In occasione dell'uscita per FX della nuova serie televisiva Legion, basata sull'eponimo mutante della Marvel Comics, Panini Comics ha deciso di pubblicare in eleganti volumi cartonati quella che forse rimane la serie più importante riguardante il personaggio, quella che lo ha definito maggiormente e ne ha consacrato le enormi potenzialità narrative. Parliamo della X-Men Legacy di Simon Spurrier che nel 2013 diede una scossa non indifferente alle serie mainstream Marvel, introducendo una autorialità e un approfondimento psicologico, una dedizione alla crescita e allo sviluppo dei personaggi che si vedevano solitamente in run più ridotte e in progetti più marginali più volutamente di nicchia.

Nel corso dei 23 numeri della saga, vengono narrati i fatti relativi alle conseguenze di Scisma e della morte del Professor Xavier sul figlio David Haller, mutante dai poteri sconfinato protagonista di questa storia, che viene etichettato con il nome di Legione, per sottolineare l'esistenza di numerose personalità con poteri inimmaginabili all'interno della sua mente.
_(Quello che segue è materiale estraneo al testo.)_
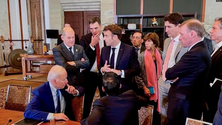Almanya Başbakanı Scholz(ayakta solda) Fransa Cumhurbaşkanı Macron(ayakta sağda) ABD Başkanı Biden (solda) İngiltere Başbakanı Sunak(sağda)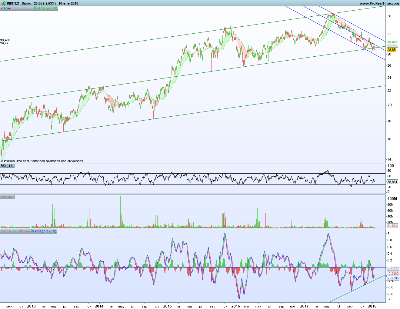 Mientras esta tendencia bajista desde 2017 no finalice, a pesar de ese tridente alcista desde 2013, no podemos pensar que Inditex va a apoyar al Ibex. Veremos si hay o no una señal alcista. De momento no la hay. Encima, a nivel indicadores, tenemos que hoy el MACD deja un fallo, porque parecía que se iba a cortar al alza y se ha ido hacia abajo de nuevo. Veremos si la divergencia alcista que hay aguanta o no.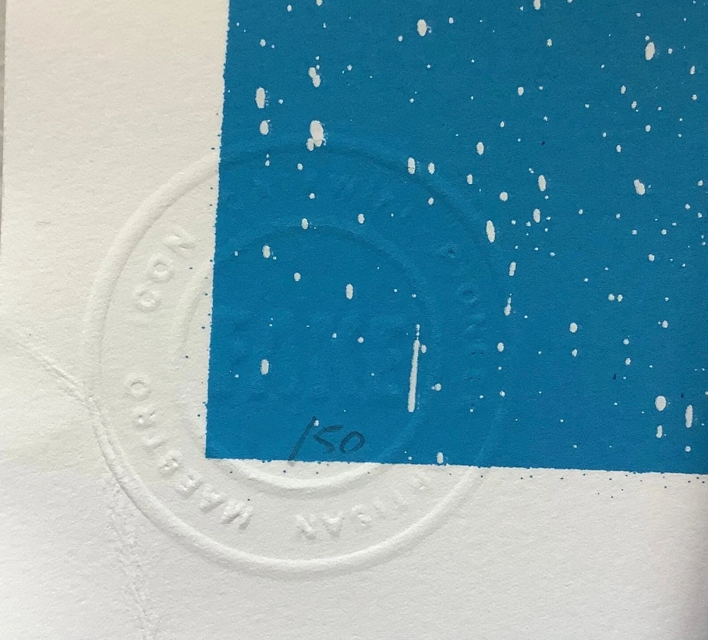 FAKE - Maestro, Limited Edition Silkscreen Print, Hand-Signed & Numbered Description: A striking limited-edition silkscreen print by the renowned Amsterdam-based street artist FAKE . This artwork, titled Maestro , is part of an exclusive edition of only 50 prints , each individually numbered and hand-signed by the artist in pencil. • Edition: Limited to 50 pieces • Technique: Silkscreen / Serigraph • Signature: Hand-signed and numbered (lower right), with dry stamp (lower left) • Dimensions: 70 x 50 cm (27.5 x 19.7 in) • Colour: Blue • Condition: Very good – a small crease near the dry stamp in the lower left corner, outside the image area, likely caused during the embossing process. • Frame: Not included Details: Created in 2023 , Maestro showcases FAKE’s signature urban and contemporary art style, blending meticulous silkscreen craftsmanship with street art influences. While the print is in very good condition overall , there is a minor crease near the dry stamp in the lower left corner of the paper, outside the image area . This crease appears to have occurred during the embossing process for the dry stamp and does not affect the artwork itself. A must-have for collectors of modern street art.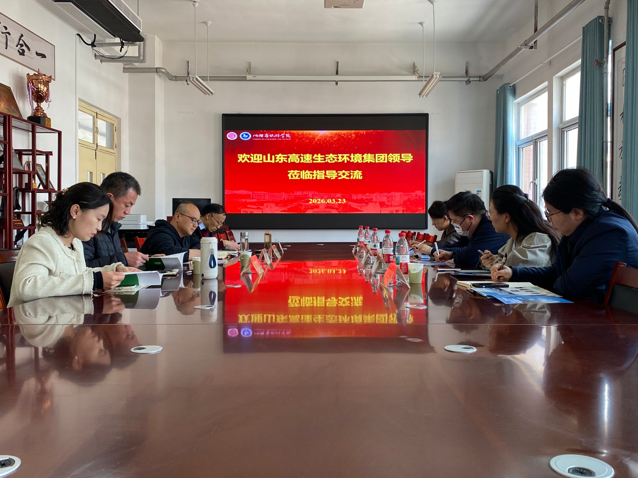 3月23日下午,山东高速生态环境集团党委委员、副总经理徐琨一行到访地理与旅游学院,就深化校企合作、推动产教融合、联合开展社会服务等事宜展开深入交流座谈。学院党委书记秦拓、学科带头人巩合德教授及部分教师代表出席会议,座谈会由学院副院长惠洪宽主持。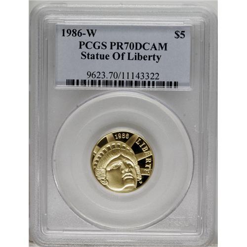 1986-W G$5 Statue of Liberty Gold Five Dollar PR70 Dee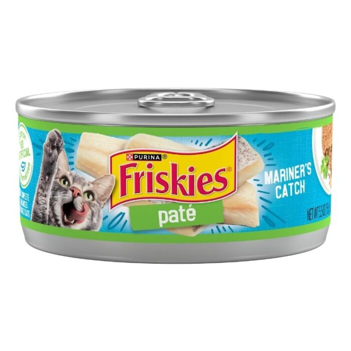 Indulge your feline friend with the irresistible flavors and tantalizing aroma of Friskies Pate Mariner’s Catch Wet Can Cat Food.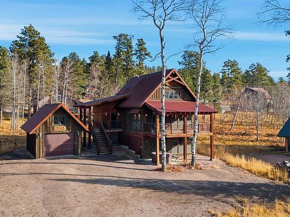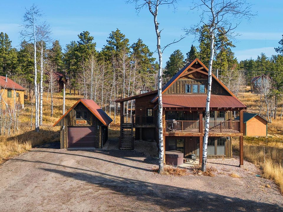 Discover the ultimate Terry Peak retreat — Twin Aspen Lodge, a beautifully crafted rustic cabin with elevated finishes, stunning views, and unbeatable proximity to the slopes. This turnkey Black Hills getaway features a spacious open-concept layout, soaring high ceilings, rich dark wood floors, and live-edge granite countertops that bring luxury and character to every room. Designed for comfort and functionality, the main level offers a cozy primary bedroom, while the walkout basement features two additional bedrooms complete with custom built-in bunk beds, maximizing sleeping capacity for guests, family, or nightly rental income. Massive windows throughout the home showcase the surrounding pines and hillside scenery, flooding the space with natural light. Step outside to enjoy covered decks framed with rustic timber and raw-steel accents, perfectly paired with the beautiful corrugated metal roof for a timeless, mountain-modern aesthetic. A detached garage provides ideal storage for skis, ATVs, bikes, and all your Black Hills adventure gear. Located just minutes from Terry Peak Ski Area, this cabin is the perfect basecamp for Black Hills powder days, hiking, snowmobiling, and year-round outdoor exploration. Whether you’re seeking a weekend escape, a full-time retreat, or a vacation rental investment, this property checks every box. Experience the magic of Black Hills living—your Terry Peak cabin awaits.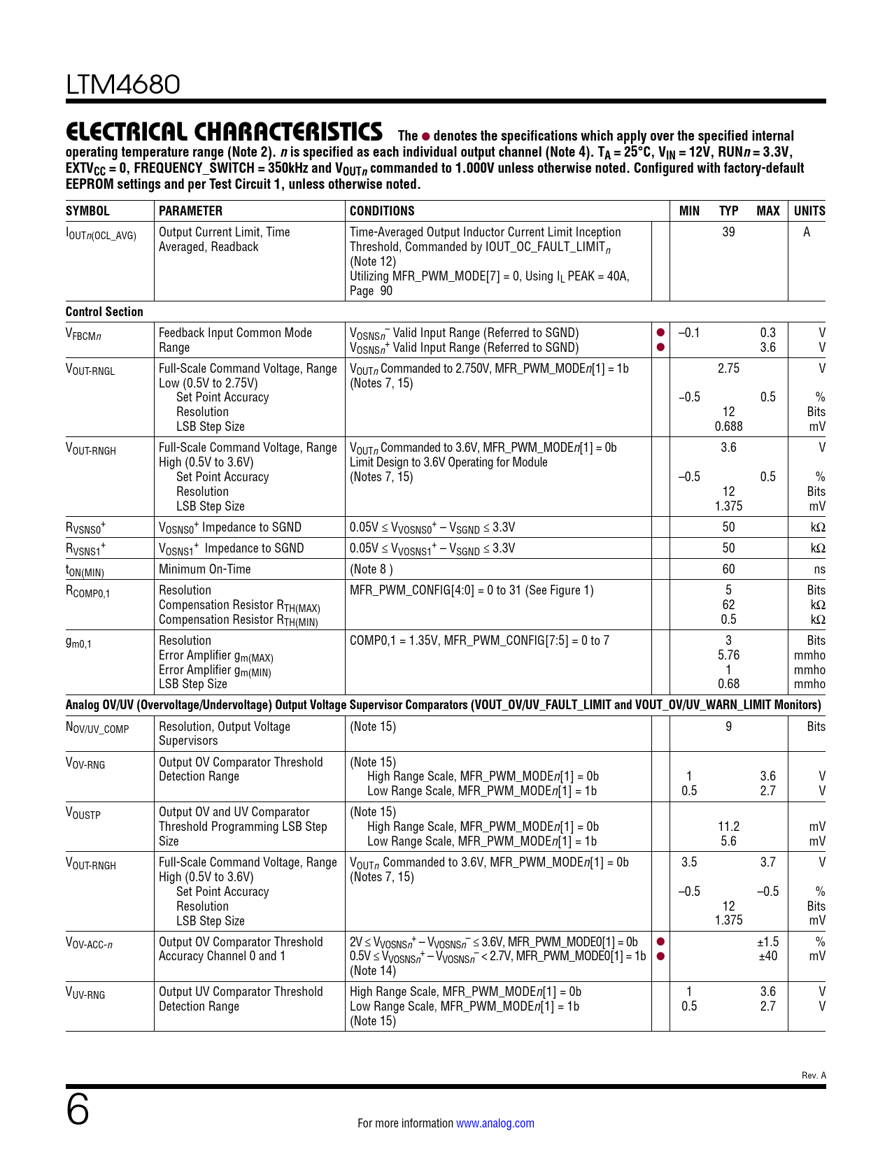 link to page 90 link to page 11 LTM4680 ELECTRICAL CHARACTERISTICSThe l denotes the specifications which apply over the specified internaloperating temperature range (Note 2). nis specified as each individual output channel (Note 4). TA = 25°C, VIN = 12V, RUNn= 3.3V,EXTVCC = 0, FREQUENCY_SWITCH = 350kHz and VOUTncommanded to 1.000V unless otherwise noted. Configured with factory-defaultEEPROM settings and per Test Circuit 1, unless otherwise noted.SYMBOLPARAMETERCONDITIONSMINTYPMAX UNITS IOUTn(OCL_AVG) Output Current Limit, Time Time-Averaged Output Inductor Current Limit Inception 39 A Averaged, Readback Threshold, Commanded by IOUT_OC_FAULT_LIMITn (Note 12) Utilizing MFR_PWM_MODE[7] = 0, Using IL PEAK = 40A, Page 90 Control Section V – FBCMn Feedback Input Common Mode VOSNSn Valid Input Range (Referred to SGND) l –0.1 0.3 V Range V + OSNSn Valid Input Range (Referred to SGND) l 3.6 V VOUT-RNGL Full-Scale Command Voltage, Range VOUTn Commanded to 2.750V, MFR_PWM_MODEn[1] = 1b 2.75 V Low (0.5V to 2.75V) (Notes 7, 15) Set Point Accuracy −0.5 0.5 % Resolution 12 Bits LSB Step Size 0.688 mV VOUT-RNGH Full-Scale Command Voltage, Range VOUTn Commanded to 3.6V, MFR_PWM_MODEn[1] = 0b 3.6 V High (0.5V to 3.6V) Limit Design to 3.6V Operating for Module Set Point Accuracy (Notes 7, 15) –0.5 0.5 % Resolution 12 Bits LSB Step Size 1.375 mV R + + + VSNS0 VOSNS0 Impedance to SGND 0.05V ≤ VVOSNS0 – VSGND ≤ 3.3V 50 kΩ R + + + VSNS1 VOSNS1 Impedance to SGND 0.05V ≤ VVOSNS1 – VSGND ≤ 3.3V 50 kΩ tON(MIN) Minimum On-Time (Note 8 ) 60 ns RCOMP0,1 Resolution MFR_PWM_CONFIG[4:0] = 0 to 31 (See Figure 1) 5 Bits Compensation Resistor RTH(MAX) 62 kΩ Compensation Resistor RTH(MIN) 0.5 kΩ gm0,1 Resolution COMP0,1 = 1.35V, MFR_PWM_CONFIG[7:5] = 0 to 7 3 Bits Error Amplifier gm(MAX) 5.76 mmho Error Amplifier gm(MIN) 1 mmho LSB Step Size 0.68 mmho Analog OV/UV (Overvoltage/Undervoltage) Output Voltage Supervisor Comparators (VOUT_OV/UV_FAULT_LIMIT and VOUT_OV/UV_WARN_LIMIT Monitors) NOV/UV_COMP Resolution, Output Voltage (Note 15) 9 Bits Supervisors VOV-RNG Output OV Comparator Threshold (Note 15) Detection Range High Range Scale, MFR_PWM_MODEn[1] = 0b 1 3.6 V Low Range Scale, MFR_PWM_MODEn[1] = 1b 0.5 2.7 V VOUSTP Output OV and UV Comparator (Note 15) Threshold Programming LSB Step High Range Scale, MFR_PWM_MODEn[1] = 0b 11.2 mV Size Low Range Scale, MFR_PWM_MODEn[1] = 1b 5.6 mV VOUT-RNGH Full-Scale Command Voltage, Range VOUTn Commanded to 3.6V, MFR_PWM_MODEn[1] = 0b 3.5 3.7 V High (0.5V to 3.6V) (Notes 7, 15) Set Point Accuracy –0.5 –0.5 % Resolution 12 Bits LSB Step Size 1.375 mV V + – OV-ACC-n Output OV Comparator Threshold 2V ≤ VVOSNSn – VVOSNSn ≤ 3.6V, MFR_PWM_MODE0[1] = 0b l ±1.5 % Accuracy Channel 0 and 1 0.5V ≤ V + – VOSNSn – VVOSNSn < 2.7V, MFR_PWM_MODE0[1] = 1b l ±40 mV (Note 14) VUV-RNG Output UV Comparator Threshold High Range Scale, MFR_PWM_MODEn[1] = 0b 1 3.6 V Detection Range Low Range Scale, MFR_PWM_MODEn[1] = 1b 0.5 2.7 V (Note 15) Rev. A 6 For more information www.analog.com Document Outline Features Applications Typical Application Description Table of Contents Absolute Maximum Ratings Order Information Pin Configuration Electrical Characteristics Typical Performance Characteristics Pin Functions Simplified Block Diagram Decoupling Requirements Functional Diagram Test Circuits Operation Power Module Introduction Power Module Overview, Major Features EEPROM with ECC Power-Up and Initialization Soft-Start Time-Based Sequencing Voltage-Based Sequencing Shutdown Light-Load Current Operation Switching Frequency and Phase PWM Loop Compensation Output Voltage Sensing INTVCC/EXTVCC Power Output Current Sensing and Sub Milliohm DCR Current Sensing Input Current Sensing PolyPhase Load Sharing External/Internal Temperature Sense RCONFIG (Resistor Configuration) Pins Table 1. VOUTn_CFG Pin Strapping Look-Up Table for the LTM4680’s Output Voltage, Coarse Setting (Not Applicable if MFR_CONFIG_ALL[6] = 1b) Table 2. VTRIMn_CFG Pin Strapping Look-Up Table for the LTM4680’s Output Voltage, Fine Adjustment Setting (Not Applicable if MFR_CONFIG_ALL[6] = 1b) Table 3. FSWPH_CFG Pin Strapping Look-Up Table to Set the LTM4680’s Switching Frequency and Channel Phase-Interleaving Angle (Not Applicable if MFR_CONFIG_ALL[6] = 1b) Table 4. ASEL Pin Strapping Look-Up Table to Set the LTM4680’s Slave Address (Applicable Regardless of MFR_CONFIG_ALL[6] Setting) Table 5. LTM4680 MFR_ADDRESS Command Examples Expressed in 7- and 8-Bit Addressing Fault Detection and Handling Status Registers and ALERT Masking Figure 5. LTM4680 Status Register Summary Mapping Faults to FAULT Pins Power Good Pins CRC Protection Serial Interface Communication Protection Device Addressing Responses to VOUT and IIN/IOUT Faults Output Overvoltage Fault Response Output Undervoltage Response Peak Output Overcurrent Fault Response Responses to Timing Faults Responses to VIN OV Faults Responses to OT/UT Faults Internal Overtemperature Fault Response External Overtemperature and Undertemperature Fault Response Responses to Input Overcurrent and Output Undercurrent Faults Responses to External Faults Fault Logging Bus Timeout Protection Similarity Between PMBus, SMBus and I2C 2-Wire Interface PMBus Serial Digital Interface Table 6. Abbreviations of Supported Data Formats Figure 6. PMBus Timing Diagram Figures 7 to 24 PMBus Protocols PMBus Command Summary PMBus Commands Table 7. PMBus Commands Summary (Note: The Data Format Abbreviations Are Detailed in Table 8) Table 8. Data Format Abbreviations Applications Information VIN to VOUT Step-Down Ratios Input Capacitors Output Capacitors Light Load Current Operation Switching Frequency and Phase Output Current Limit Programming Minimum On-Time Considerations Variable Delay Time, Soft-Start and Output Voltage Ramping Digital Servo Mode Soft Off (Sequenced Off) Undervoltage Lockout Fault Detection and Handling Open-Drain Pins Phase-Locked Loop and Frequency Synchron

Il trauma per la perdita del genitore, il rapporto mai felice con lo stesso e tutte queste problematiche di fazione, futili screzi disgreganti all'interno della comunità mutante già fortemente provata da un passato turbolento e intriso di dolore, rappresentano un'ulteriore fonte di logoramento per la psiche già frantumata del giovane, sempre attento ad evitare che i suoi poteri disintegrino la realtà. A questo si aggiunge poi una terribile profezia, un destino infausto già scritto pervade che tutta l'opera: Legione è destinato ad annientare la razza mutante e Blindfold, la giovane mutante senz'occhi innamorata del giovane, è destinata ad ucciderlo per prevenire questa sciagurata conclusione. E la paura del mutante, il suo tentativo di modificare il corso del fato, di imparare ad amare Ruth, alias civile della preveggente cieca, e di essere accettato dal mondo, sebbene la sua potenza sconvolgente, creeranno un circolo vizioso di eventi sciagurati che in un turbinio di dolore e sofferenza porteranno ad una fine agrodolce, di certo lontano dall'happy ending.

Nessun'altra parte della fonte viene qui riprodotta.